Genel

Otur Dersem Otur, Kalk Dersem Kalk

Otur Dersem Otur, Kalk Dersem Kalk

Otur Dersem Otur, Kalk Dersem Kalk

Bir özel eğitim merkezinde, ya da en azından bizim gittiğimizde sistem şu şekilde işliyor:

1- Çocuk toplam 20 metrekarelik bir odanın içinde 45 dakika boyunca kalıyor ama izin verilmeyen hiçbir şeye dokunmuyor. (Bu kısmı tamam, aşağı yukarı evde de aynı şekilde yapılıyor)

2- Odada duruyor dediysek serbest gezinmeli tavuk sisteminde değil, bildiğin küçücük bir sandalyede kuluçkaya yatarak! O tavuğun yumurtasından lezzet bekleme sen artık! Bir kere bırak 2.5 yaşında bir sabiyi, şu anda ilkokula giden bir çocuğu bile 20 dakika yerinde oturtmak imkansız. Ne kadar sağlıklı orası da ayrı mesele. Çocuk yeni gelmiş, etrafı keşfedecek, atlayacak, zıplayacak, yerde yuvarlanacak, tamam arada 10 dakika masada oturup puzzle yapacak, sonra yine zıp zıp.

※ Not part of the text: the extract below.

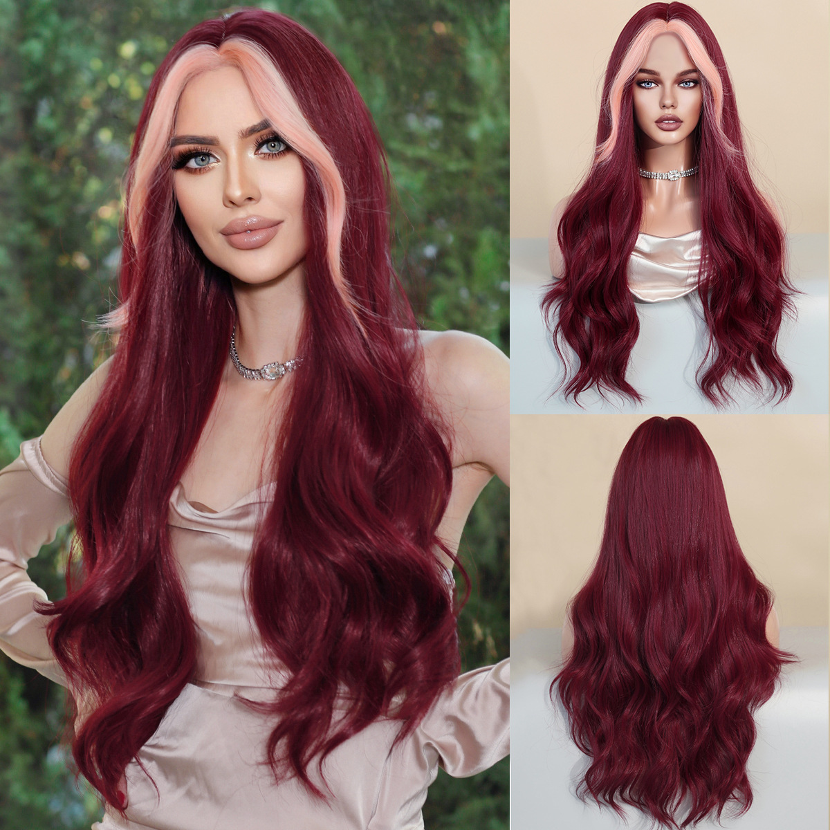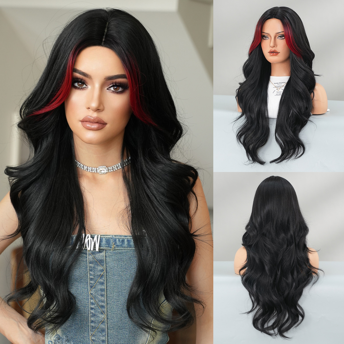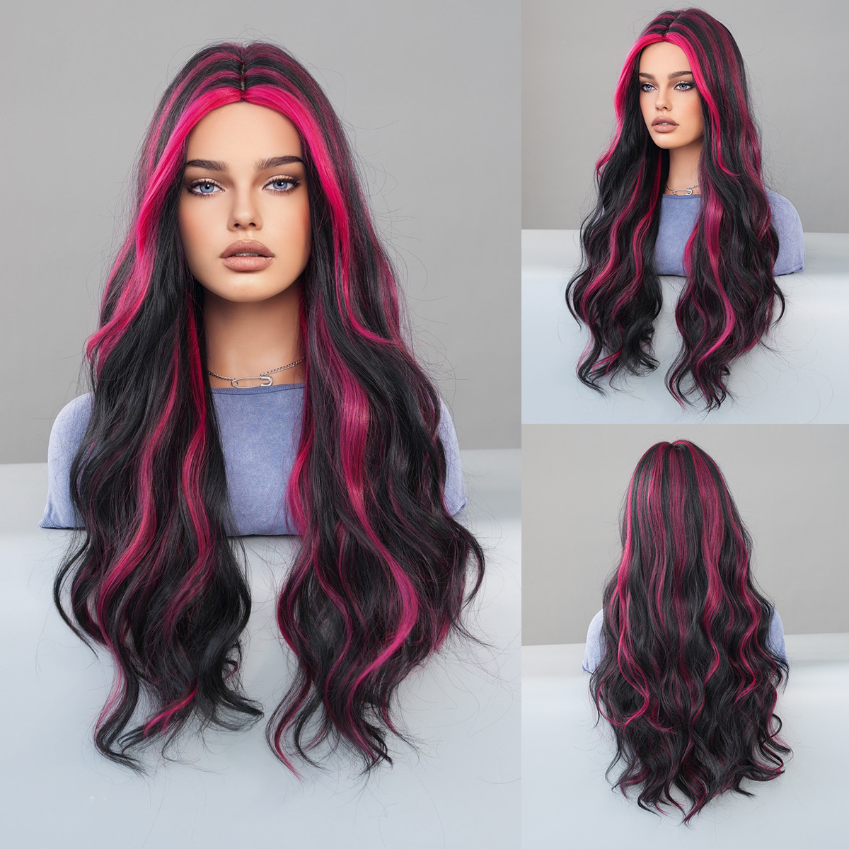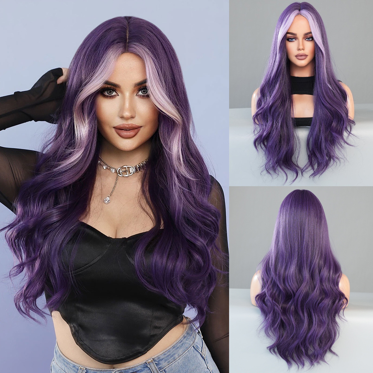 long wavy wig, middle part wig, highlight wig, synthetic wig, fashion wig, curly wig, full head wig, daily wear wig, cosplay wig

Bir de kalkmasın diye masayı V şeklinde yapmışlar, çocuğu güzelce duvara sıkıştırıyor, tam Çin işkencesi. Benim büyük olsa değil 20 dak, 20 sene ordan kalkmayabilirdi ama çocuk çocuğu tutmuyor şekerim. Benim kardeşime sandalyede sadece 5 dakika oturması için babam para teklif ederdi de ıııh o paragöz hergele zincire vursan oturmazdı.

Zira benim peynir kurdu da (babası ona öyle söylüyor) baktı masadan normal yollarla kalkış yok, altından geçmek ya da masayı devirmek gibi alternatif yollara başvurdu. E başarılı oldu da. Derken 2-3 ders sonunda cebren ve hile ile koyuna çevrildi. Zaten Türk eğitim sisteminin yegâne başarısı bu bence. Çocukların farklılıklarını, sivriliklerini törpüleyip çoban güdümlü koyunlar haline getirmesi takdire şayan. Bakma sen benim uyguladığım Alman disiplinine, bugün en despotu bile kınıyorum.

Evde sıkı kurallarım vardır. askeri terbiyeyle büyüttüm ben onları ama düşün bu kadarı bana bile absürt geldi.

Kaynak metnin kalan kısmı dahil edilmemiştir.